Effect of mannitol on postoperative delirium in patients undergoing coronary artery bypass graft: a randomised controlled trial.

Objective: Postoperative delirium (POD), especially after cardiac surgery with cardiopulmonary bypass (CPB), is a relatively common and severe complication increasing side effects, length of hospital stay, mortality and healthcare resource costs. This study aimed to determine the impact of using mannitol serum in the prime of CPB for preventing the occurrence of delirium in patients undergoing coronary artery bypass surgery.

Methods: This study is a single-centre, double-blinded, randomised, controlled trial that was conducted from December 2022 to May 2023. Patients in the age range of 18-70 who underwent elective coronary artery bypass surgery were included in the study. In the control group (n=45), the prime solution included Ringer's lactate serum. In the intervention group (n=45), the prime solution consisted of 200 mL mannitol serum and Ringer's lactate serum. The primary outcome of the study was the incidence of POD. Secondary outcomes included the duration of mechanical ventilation, length of stay in the intensive care unit (ICU) and 30-day in-hospital mortality.

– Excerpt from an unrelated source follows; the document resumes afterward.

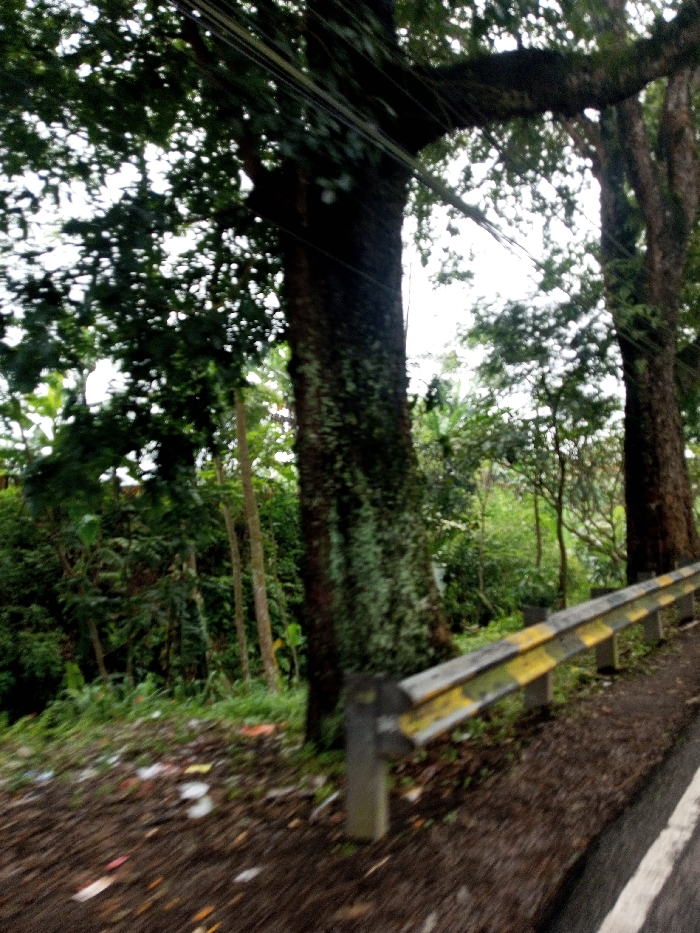 The image depicts a roadside scene in Sandamal Eliya, Sri Lanka. The foreground features a dark dirt shoulder on the left, littered with various items including plastic and paper debris. To the right, a section of an asphalt road with a faded white edge line is visible. A metal guardrail, painted with alternating yellow and black stripes, runs horizontally across the midground, partially obscuring the lower portions of large trees behind it. The guardrail is supported by grey posts. Beyond the guardrail, dense, vibrant green foliage and multiple large trees dominate the background. These trees possess thick, dark, textured trunks, some appearing to be covered in moss or lichen, and their dense canopies extend upwards, largely obscuring the overcast sky. Multiple dark utility lines are visible strung across the upper-left portion of the frame, passing through the tree branches. No people or animals are present in the scene.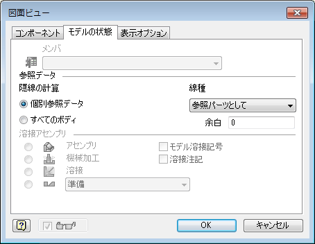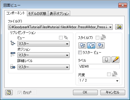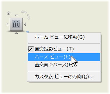 図面ビューの作成には、正投影が既定で使用されます。パース投影を使用するには、ベース ビューを作成するとき、またはベース ビューまたは独立した投影ビューを編集するときに、ViewCube を右クリックし、[パース]をクリックします。

Results: There were no statistically significant differences in demographic characteristics and risk factors between the control and intervention groups (p<0.05). However, the incidence of POD was significantly lower in the intervention group compared with the control group (22.25% vs 42.2%, p=0.035). There were no significant differences between the two groups regarding CPB time, aortic cross-clamp time, duration of mechanical ventilation and length of stay in ICU (p<0.05). Additionally, mortality rates and rates of return to the operating room did not differ significantly between the two groups (p<0.05).

Conclusions: This study concluded that adding mannitol to the prime of CPB pump can help reduce the incidence of delirium after cardiac surgery.

Trial registration number: IRCT20221129056660N1.